Just to be clear, I'm not trying to be prescriptive here. I don't mean to tell
you to go out and look for a chance to die young by risking your life. And
even among trained emergency responders, there's a constant need to remind
people in training to not develop "hero complex" and wind up risking yourself
_needlessly_. Even firefighters do have situations where they opt for
"discretion as the better part of valor."

All I intend to say is that those people who, when presented with an emergency
situation, elect to put themselves in harms way for the sake of others, earn -
in my mind - a certain measure of nobility and special esteem. But I don't
want to encourage people to put themselves in danger when they really aren't
prepared / equipped to help. I know that seems like a subtle distinction, but
I'd encourage everyone to keep it in mind.

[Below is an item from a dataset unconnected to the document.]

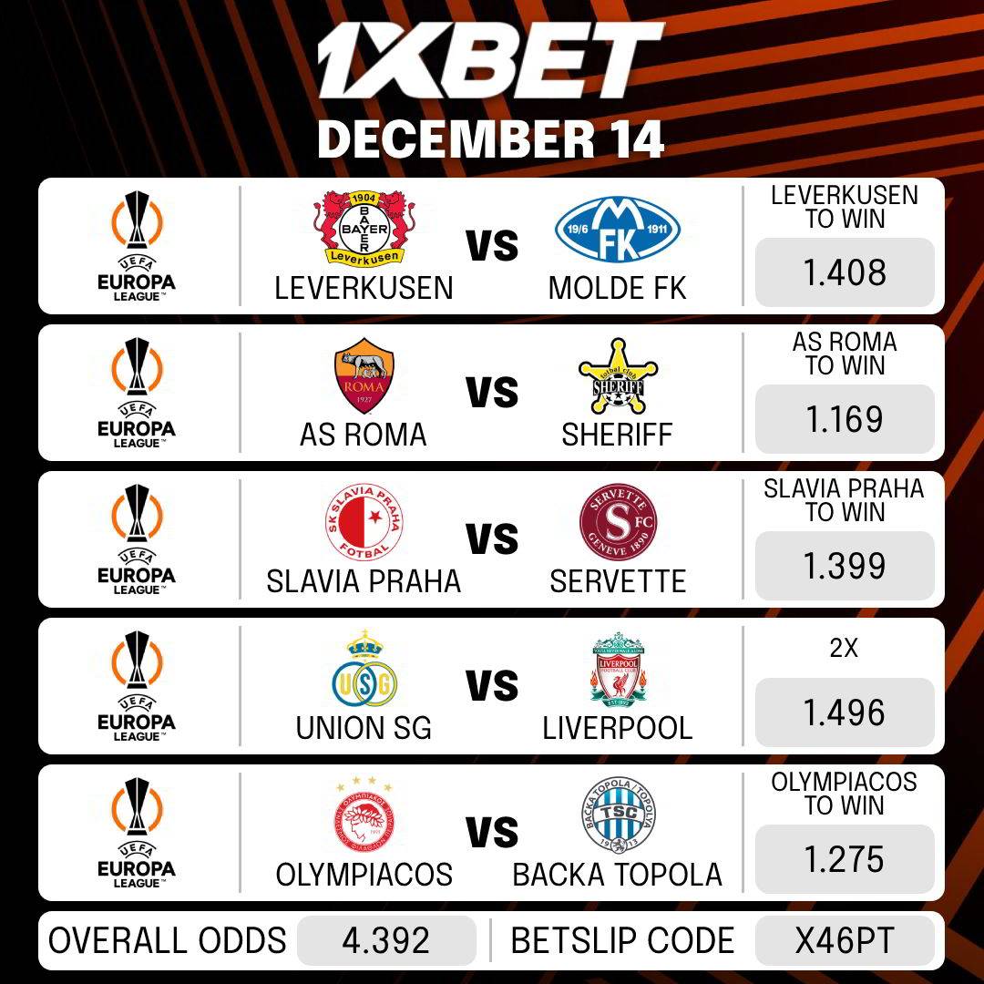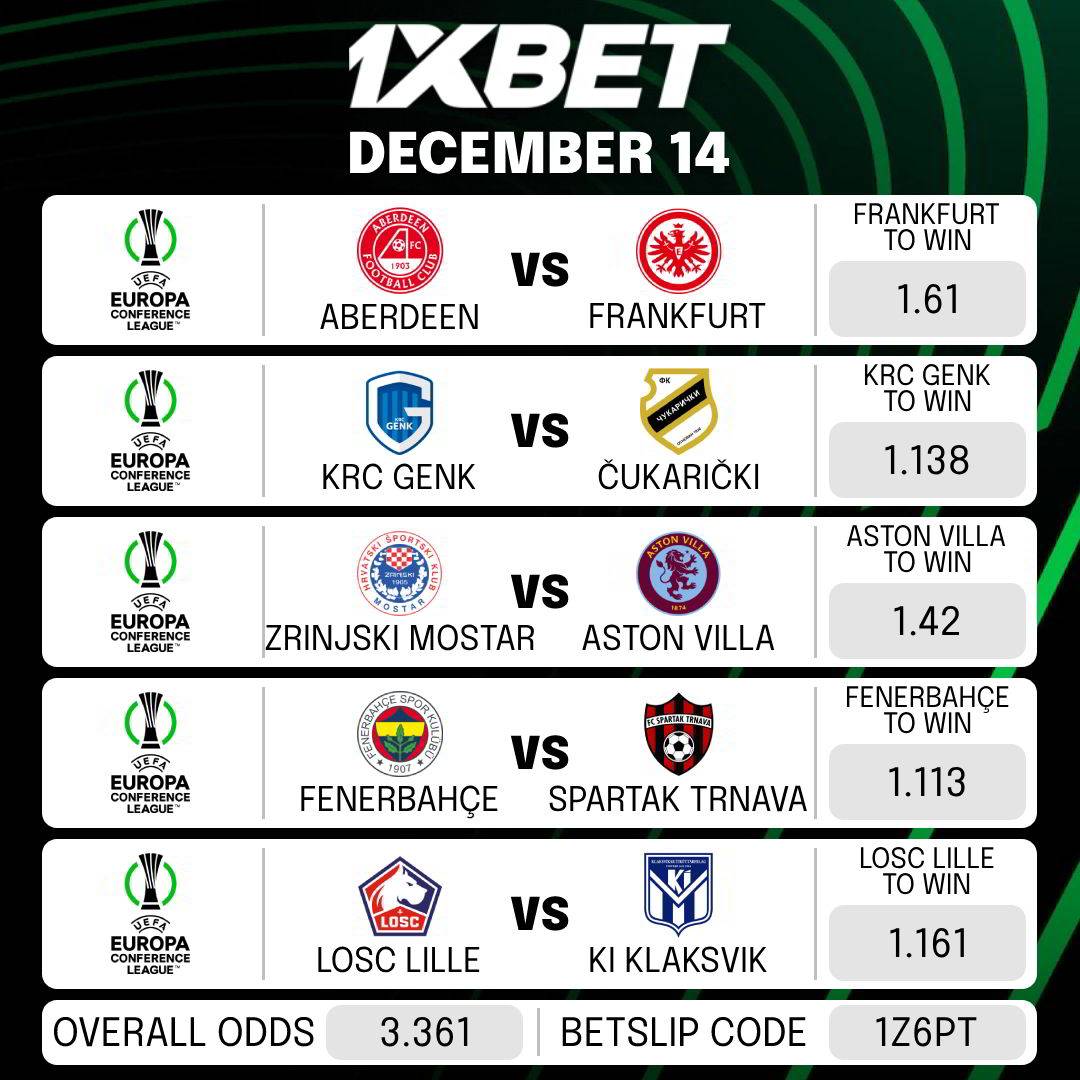 Here goes the betslip for today’s MATCHES.

A heroic death may be noble, but it's still a death. And every death is a
tragedy for someone. Wives, husbands, sons, daughters, brothers, sisters,
friends, etc. may feel terrific pride in such an event, but they'll also feel
terrible pain.

------
tungwaiyip
At least Mark Gardiner has the integrity to reflect on his mistake.

------
Deimorz
The same author wrote an article about the tunnel fire in the New York Times
yesterday that talks more about the overall story:
[https://www.nytimes.com/2019/03/21/business/mont-blanc-
tunne...](https://www.nytimes.com/2019/03/21/business/mont-blanc-tunnel-fire-
anniversary-rescue.html)

------
amacbride
_They listened as a river of incandescent margarine ignited fuel tanks and
burst the tires of abandoned vehicles._

This may be the most evocative sentence I've read this year.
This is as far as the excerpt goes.